GIVEN MATERIAL =>
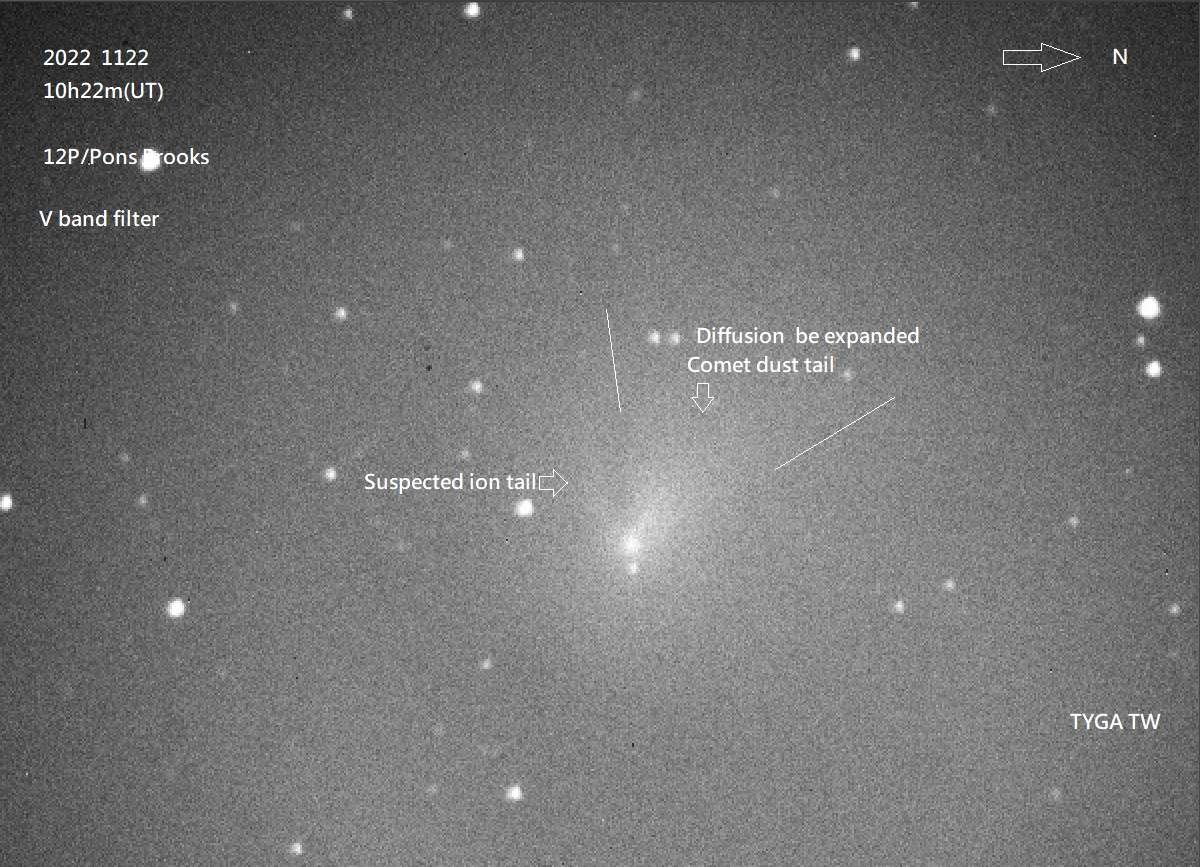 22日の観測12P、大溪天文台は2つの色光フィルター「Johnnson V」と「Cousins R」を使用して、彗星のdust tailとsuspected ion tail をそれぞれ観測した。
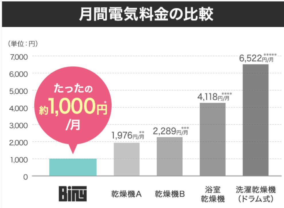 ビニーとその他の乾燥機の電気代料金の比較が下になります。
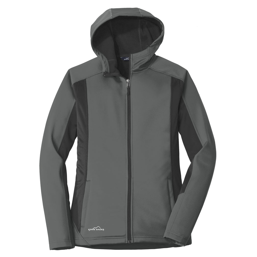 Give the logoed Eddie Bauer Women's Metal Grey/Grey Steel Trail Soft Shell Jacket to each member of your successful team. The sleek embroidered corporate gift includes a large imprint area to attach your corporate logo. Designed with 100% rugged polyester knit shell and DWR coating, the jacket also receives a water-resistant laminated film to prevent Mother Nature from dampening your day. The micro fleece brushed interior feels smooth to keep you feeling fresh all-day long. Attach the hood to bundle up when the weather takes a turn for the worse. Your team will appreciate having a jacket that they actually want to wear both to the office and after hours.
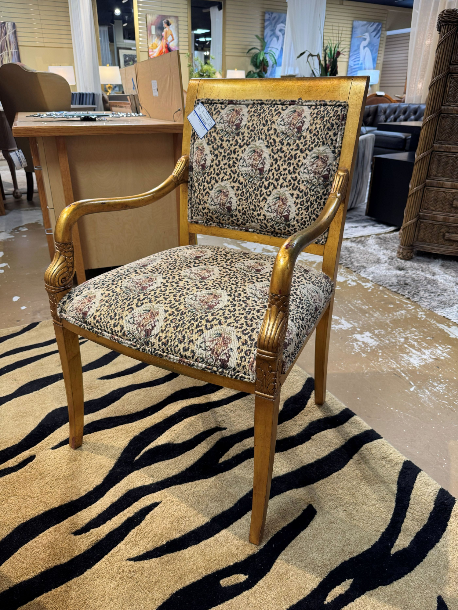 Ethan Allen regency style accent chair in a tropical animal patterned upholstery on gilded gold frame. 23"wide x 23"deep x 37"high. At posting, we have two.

WORK REQUEST => Could you print the data exactly as it appears and keep the pictures out?

REPLY TO THE EXERCISE =>
 22日の観測12P、大溪天文台は2つの色光フィルター「Johnnson V」と「Cousins R」を使用して、彗星のdust tailとsuspected ion tail をそれぞれ観測した。
 ビニーとその他の乾燥機の電気代料金の比較が下になります。
 Give the logoed Eddie Bauer Women's Metal Grey/Grey Steel Trail Soft Shell Jacket to each member of your successful team. The sleek embroidered corporate gift includes a large imprint area to attach your corporate logo. Designed with 100% rugged polyester knit shell and DWR coating, the jacket also receives a water-resistant laminated film to prevent Mother Nature from dampening your day. The micro fleece brushed interior feels smooth to keep you feeling fresh all-day long. Attach the hood to bundle up when the weather takes a turn for the worse. Your team will appreciate having a jacket that they actually want to wear both to the office and after hours.
 Ethan Allen regency style accent chair in a tropical animal patterned upholstery on gilded gold frame. 23"wide x 23"deep x 37"high. At posting, we have two.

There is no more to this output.